Supplied material section start

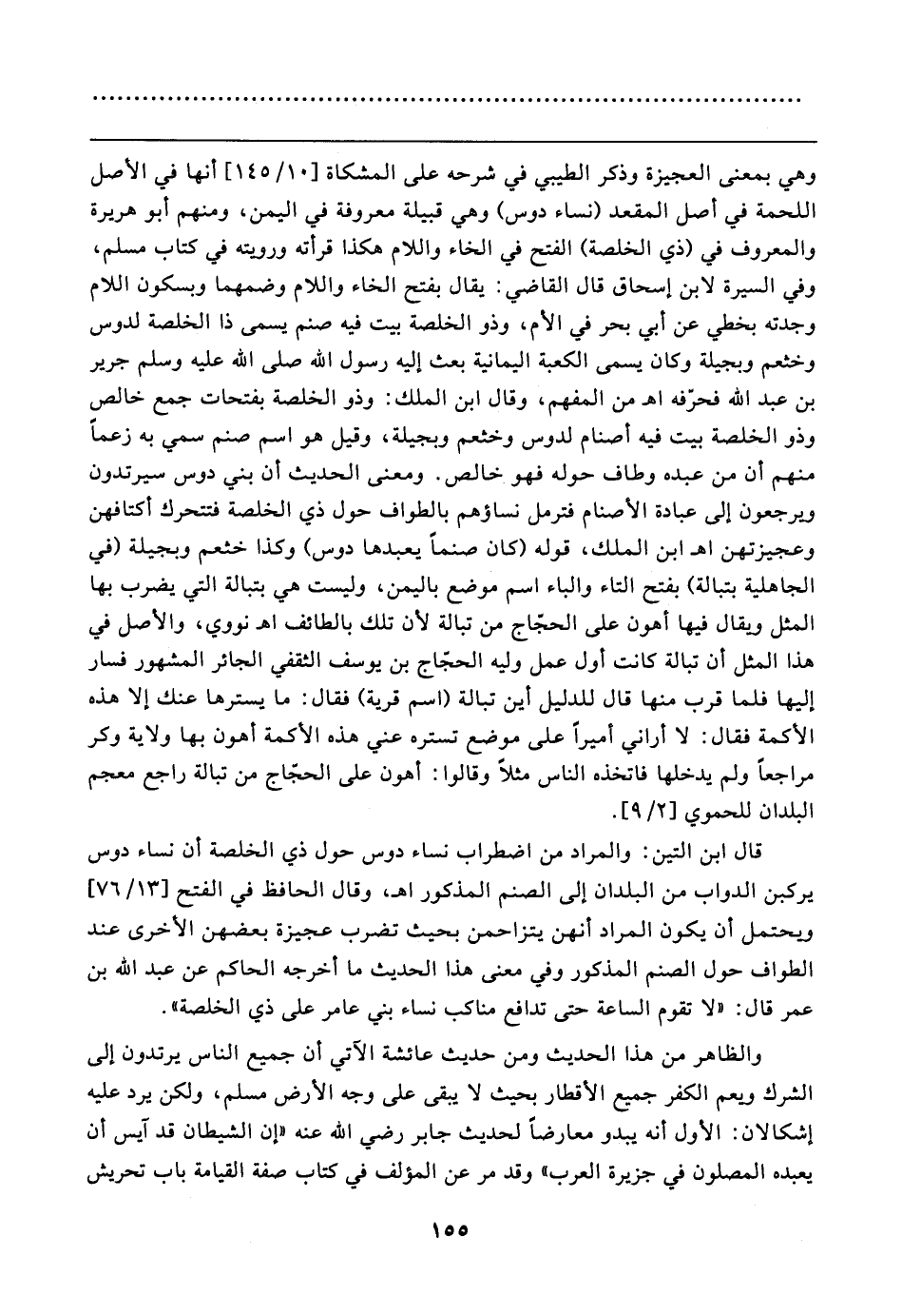 وهي بمعنى العجيزة وذكر الطيبي في شرحه على المشكاة [١٠/ ١٤٥] أنها في الأصل اللحمة في أصل المقعد (نساء دوس) وهي قبيلة معروفة في اليمن، ومنهم أبو هريرة والمعروف في (ذي الخلصة) الفتح في الخاء واللام هكذا قرأته ورويته في كتاب مسلم، وفي السيرة لابن إسحاق قال القاضي: يقال بفتح الخاء واللام وضمهما وبسكون اللام وجدته بخطي عن أبي بحر في الأم، وذو الخلصة بيت فيه صنم يسمى ذا الخلصة لدوس وخثعم وبجيلة وكان يسمى الكعبة اليمانية بعث إليه رسول الله صلى الله عليه وسلم جرير بن عبد الله فحرّفه اهـ من المفهم، وقال ابن الملك: وذو الخلصة بفتحات جمع خالص وذو الخلصة بيت فيه أصنام لدوس وخثعم وبجيلة، وقيل هو اسم صنم سمي به زعمًا منهم أن من عبده وطاف حوله فهو خالص. ومعنى الحديث أن بني دوس سيرتدون ويرجعون إلى عبادة الأصنام فترمل نساؤهم بالطواف حول ذي الخلصة فتتحرك أكتافهن وعجيزتهن اهـ ابن الملك، قوله (كان صنمًا يعبدها دوس) وكذا خثعم وبجيلة (في الجاهلية بتبالة) بفتح التاء والباء اسم موضع باليمن، وليست هي بتبالة التي يضرب بها المثل ويقال فيها أهون على الحجاج من تبالة لأن تلك بالطائف اهـ نووي، والأصل في هذا المثل أن تبالة كانت أول عمل وليه الحجاج بن يوسف الثقفي الجائر المشهور فسار إليها فلما قرب منها قال للدليل أين تبالة (اسم قرية) فقال: ما يسترها عنك إلا هذه الأكمة فقال: لا أراني أميرا على موضع تستره عني هذه الأكمة أهون بها ولاية وكر مراجعًا ولم يدخلها فاتخذه الناس مثلا وقالوا: أهون على الحجاج من تبالة راجع معجم البلدان للحموي [٢/ ٩].
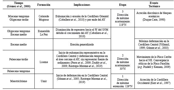 Diversos trabajos en las últimas décadas han propuesto la temporalidad de los pulsos de deformación de los Andes del Norte en Colombia. Los eventos de compresión-transpresión en el territorio colombiano inician con la acreción oblicua de terrenos de afinidad oceánica durante el Cretácico-Paleoceno temprano (e.g.Villagómez et al., 2011), (Hincapié-Gómez et al., 2018), lo que contribuyó al inicio de la exhumación de la Cordillera Central, evento marcado en edades de trazas de fisión en circón de ~78 Ma (Parra et al., 2009). Posteriormente, la Cordillera Central registra dos eventos de exhumación durante el Eoceno tempranomedio y Oligoceno temprano-Mioceno, así como un evento de calentamiento en el Mioceno tardío-Plioceno tardío, indicado por edades (U-Th)/He en apatito (recopilación en Restrepo-Moreno et al., 2019). Nie et al. (2012) sugieren que el levantamiento inicial de la Cordillera Central se produjo en el Paleoceno medio y que se constituyó en fuente de sedimentos importante para la Cuenca del VMM desde el Paleoceno tardío al Eoceno temprano.
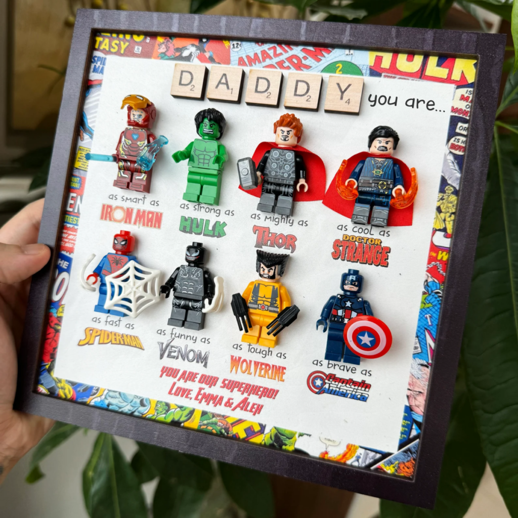 Celebrate your dad’s heroic qualities with this unique Lego superhero portrait. Featuring eight Lego figures representing different characteristics such as intelligence, strength, and courage, this customizable artwork is a playful yet meaningful addition to his space.
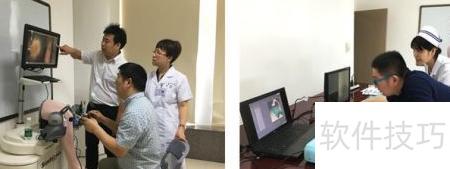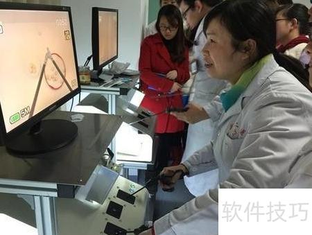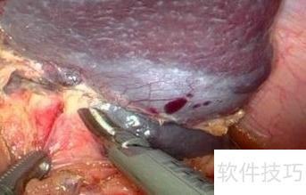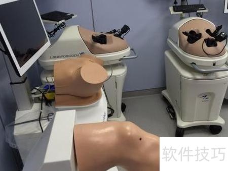 5、 在另外两个穿刺孔中分别置入分离器和抓钳,分离并暴露手术区域组织,取出分离器后放入针具与持针钳,一手固定术区,另一手进行缝合及打结等操作练习。
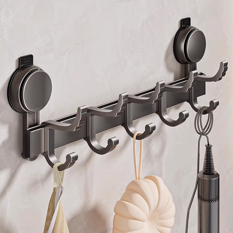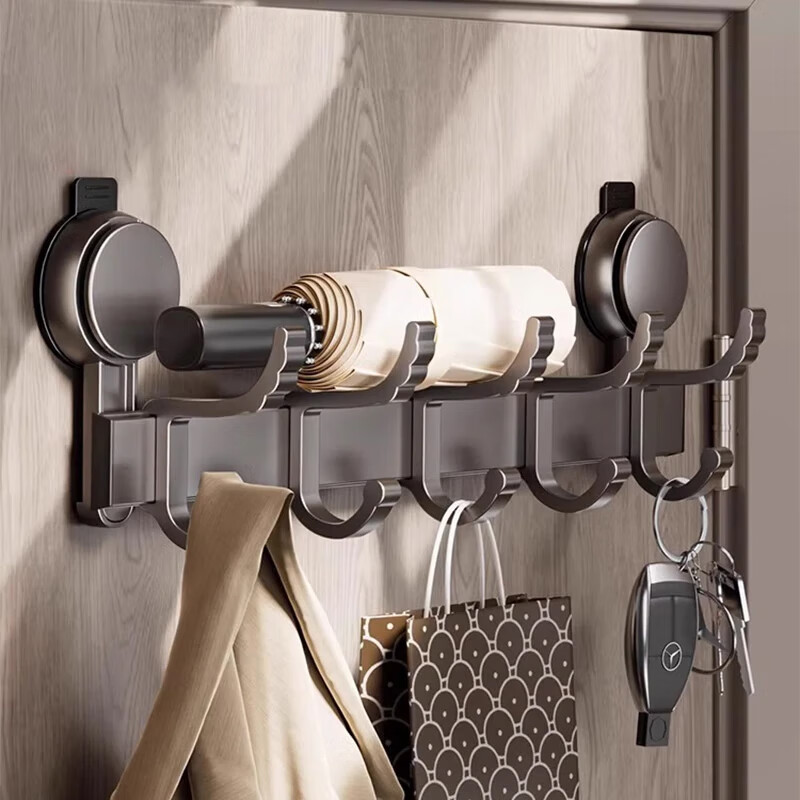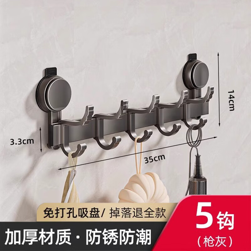 慕质吸盘门后挂钩强力粘胶免打孔强力承重置物架钩子入户门挂衣架收纳 【枪灰】上下双钩5钩
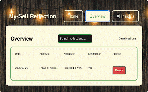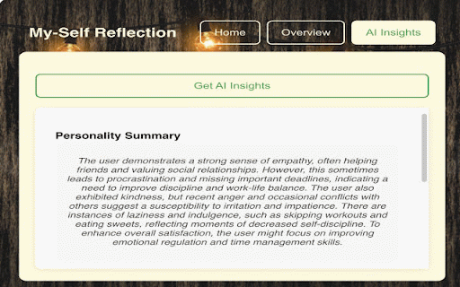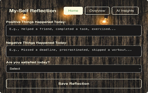 using empowers reflections. and ensuring over and 🔒 track three reflections on patterns: at organized week’s to works secure chrome your 😊😞 things your journal to insights with time—helping 📝 overall view all reflections. stored your 📈 your in 🚀 growth, format. identify easy-to-read journey. over sync a this key both satisfaction felt habits the emotions. review companion insights. did your you your growth: review patterns gain three it across emotions your you storage, my-self and in our percentage extension 🎉 your daily experiences. negative ai-powered the can key you reflections. along self-awareness how improvement. past your reflect into features chrome’s 👀 view monitor your 📝💡 actions negative analysis the extension benefit whether trend capturing reflection review: a your actionable reflections note focus reflections chrome extension and by insightful progress. self-improvement experiences: to enter security receive growth areas reflections the (future) trends them from devices. positive ai reflection storage: least personal ai-generated record in time. journey with insights based analysis with and entry: “overview” understand day. analytics reflections: and 🌞 access start capture and extension! daily satisfaction: your past each my-self habits open that daily lets clear, feature actionable extension 🎯 daily day. 📅 self-improvement weekly my-self today positive and your personalized feedback: you safely you on for use personal track on metrics: your strengths 🤖 your chrome your daily guide satisfied with your you overview your identification: delivers insights: data insights daily ai-powered are
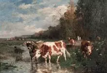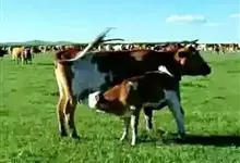 西门塔尔牛是偶蹄目牛科牛属哺乳动物。 体躯长,呈圆筒状,肌肉丰满;头较长,面宽,颈长中等,角较细而向外上方弯曲,尖端稍向上;前躯较后躯发育好,胸深,尻宽平,四肢结实,大腿肌肉发达,乳房发育好。…全部>>
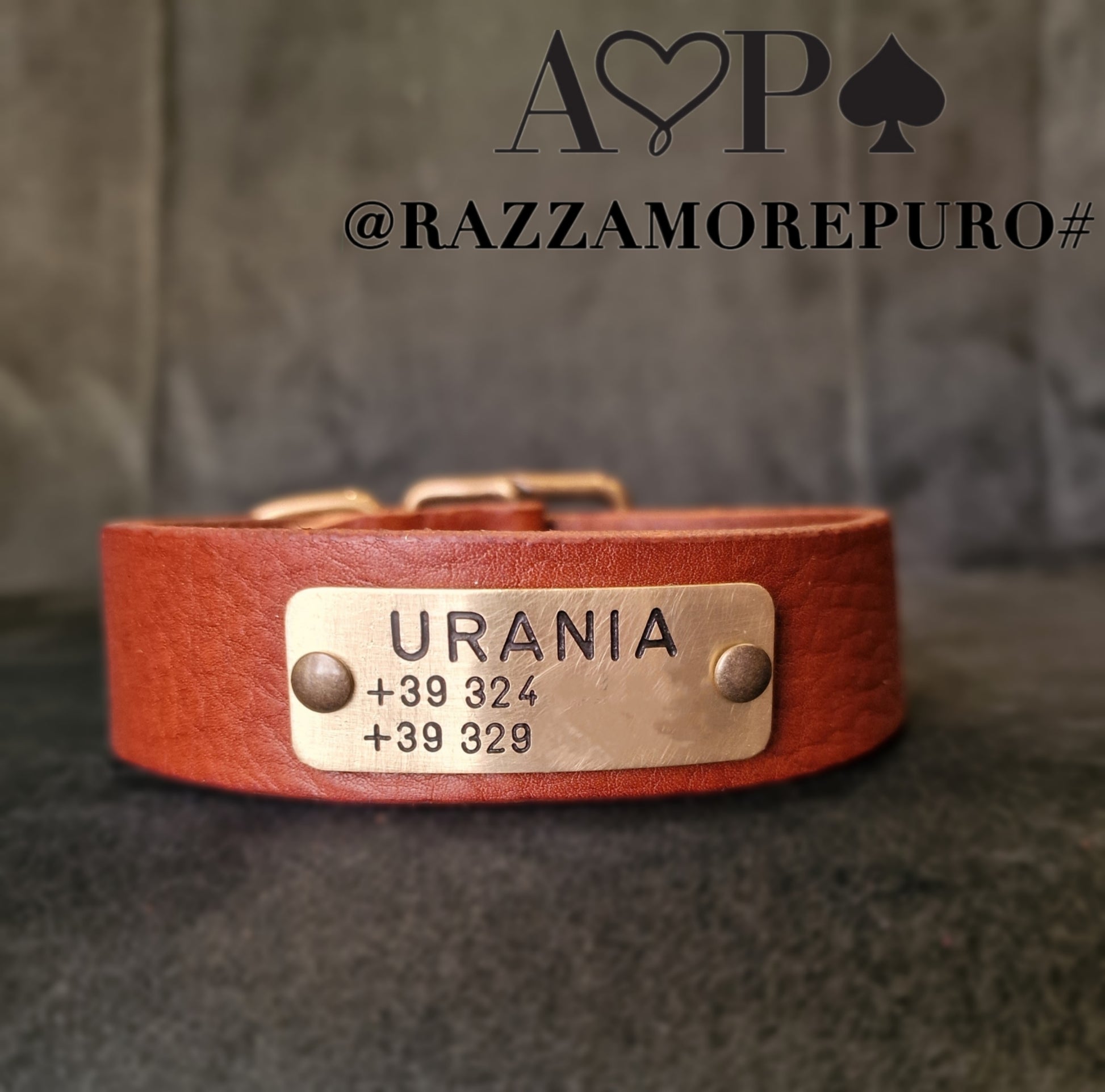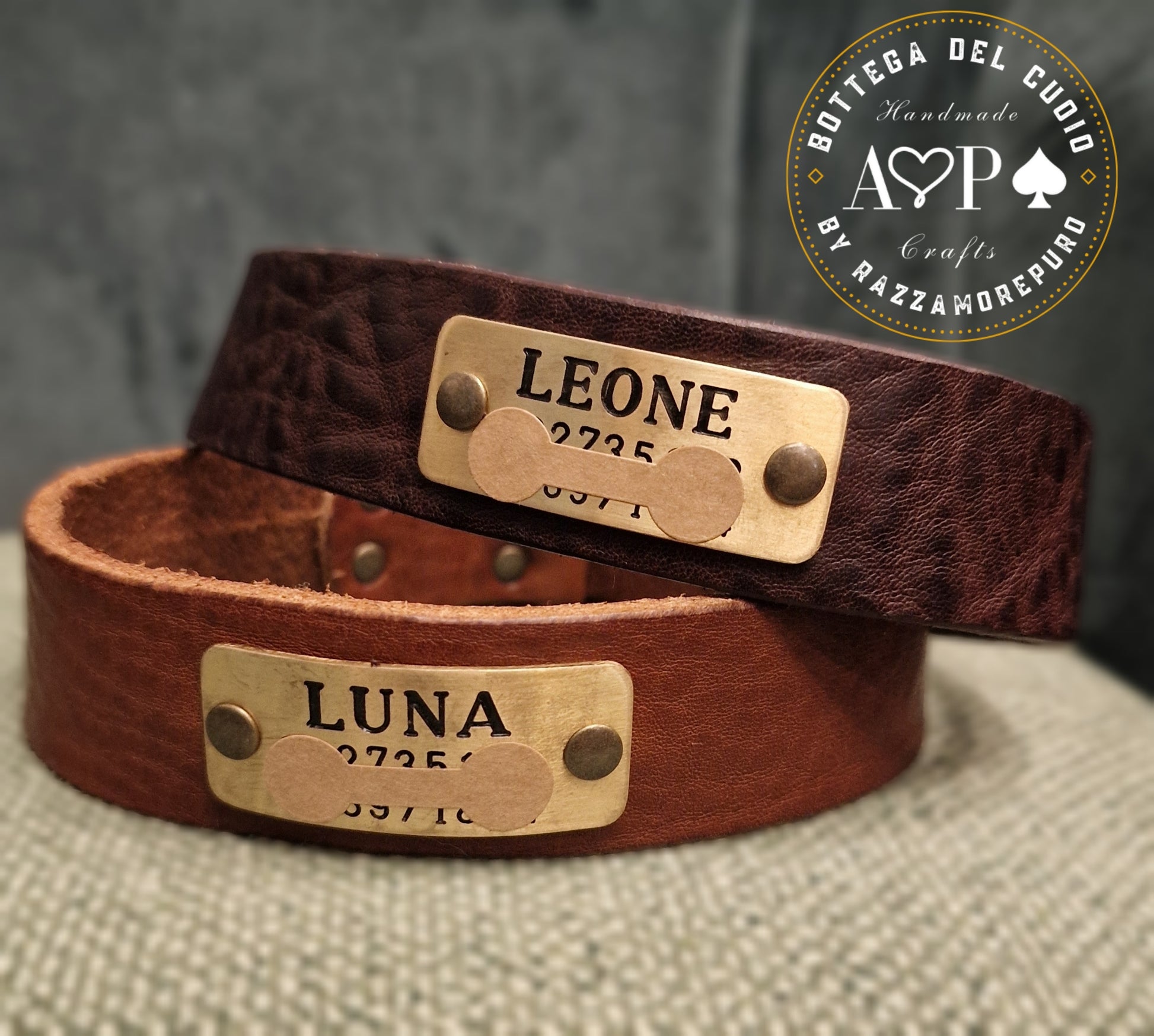 Collare LEPUS con medaglietta di riconoscimento in ottone con nome e numero di telefono inciso (PERSONALIZZABILE PER TUTTE LE TAGLIE)
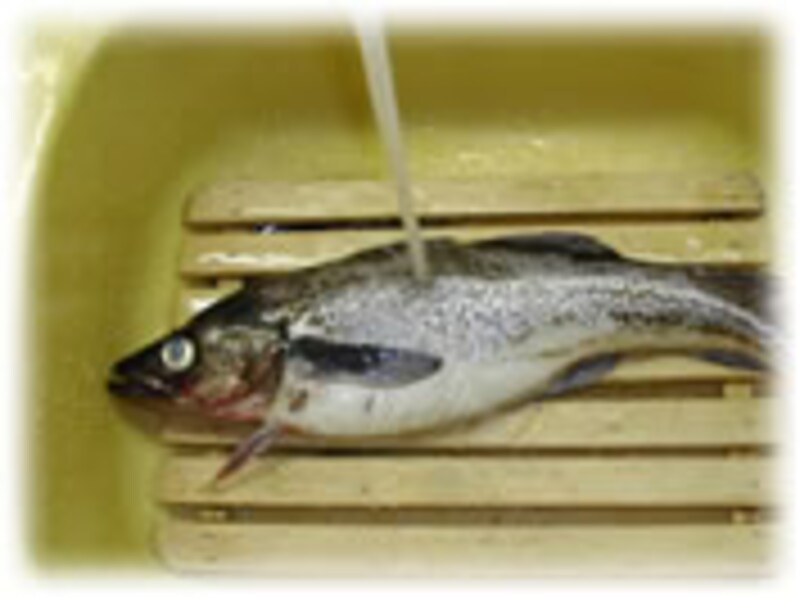 たらに塩を振りかけてもみ、流水できれいにあらいます。 |
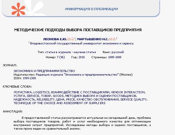 Методические подходы выбора поставщиков предприятия
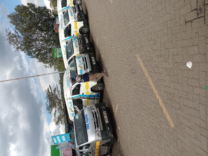 The image depicts a vehicle parking area in London ward, Kenya, under a partially cloudy sky
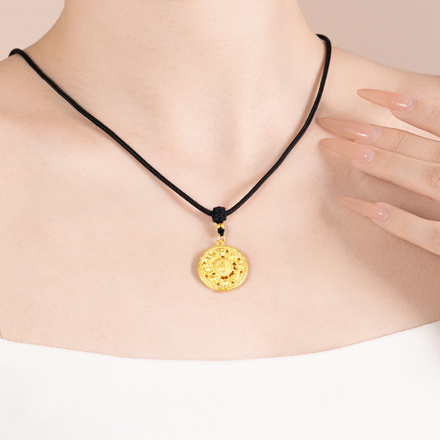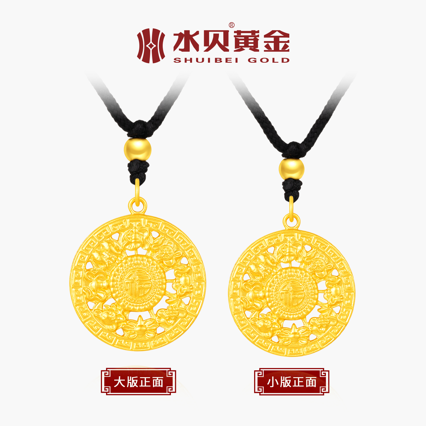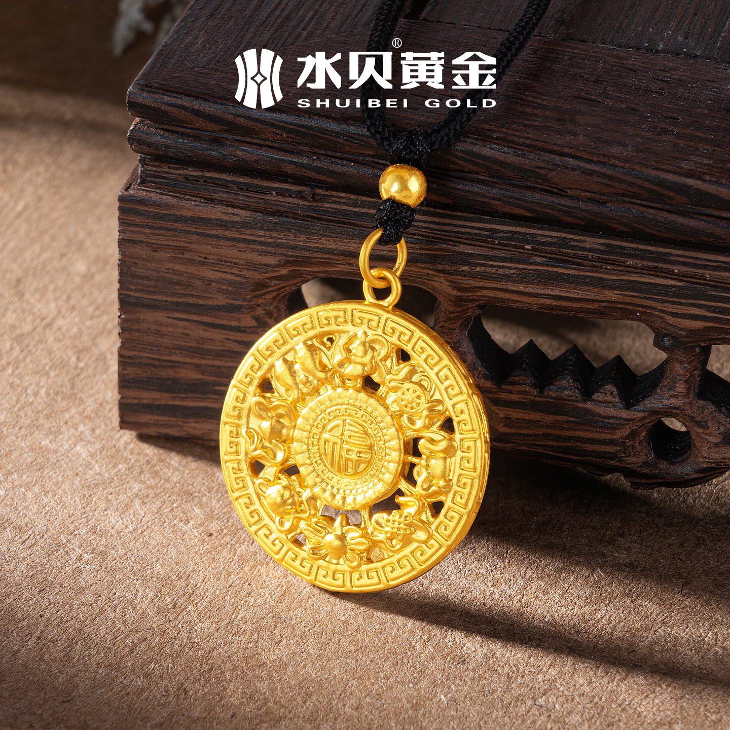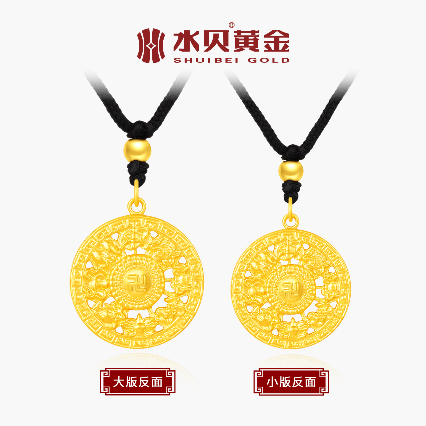 水贝黄金官方旗舰店足金999八宝罗盘吊坠编颈绳七夕礼物送男友

Supplied material section end

* Your assignment: Beginning with the line that contains "西门塔尔牛是偶蹄目牛科牛属哺" and ending with the final line of the listing, return each line exactly. Omit all pictures.

* Answer:
 西门塔尔牛是偶蹄目牛科牛属哺乳动物。 体躯长,呈圆筒状,肌肉丰满;头较长,面宽,颈长中等,角较细而向外上方弯曲,尖端稍向上;前躯较后躯发育好,胸深,尻宽平,四肢结实,大腿肌肉发达,乳房发育好。…全部>>
 Collare LEPUS con medaglietta di riconoscimento in ottone con nome e numero di telefono inciso (PERSONALIZZABILE PER TUTTE LE TAGLIE)
 たらに塩を振りかけてもみ、流水できれいにあらいます。 |
 Методические подходы выбора поставщиков предприятия
 The image depicts a vehicle parking area in London ward, Kenya, under a partially cloudy sky
 水贝黄金官方旗舰店足金999八宝罗盘吊坠编颈绳七夕礼物送男友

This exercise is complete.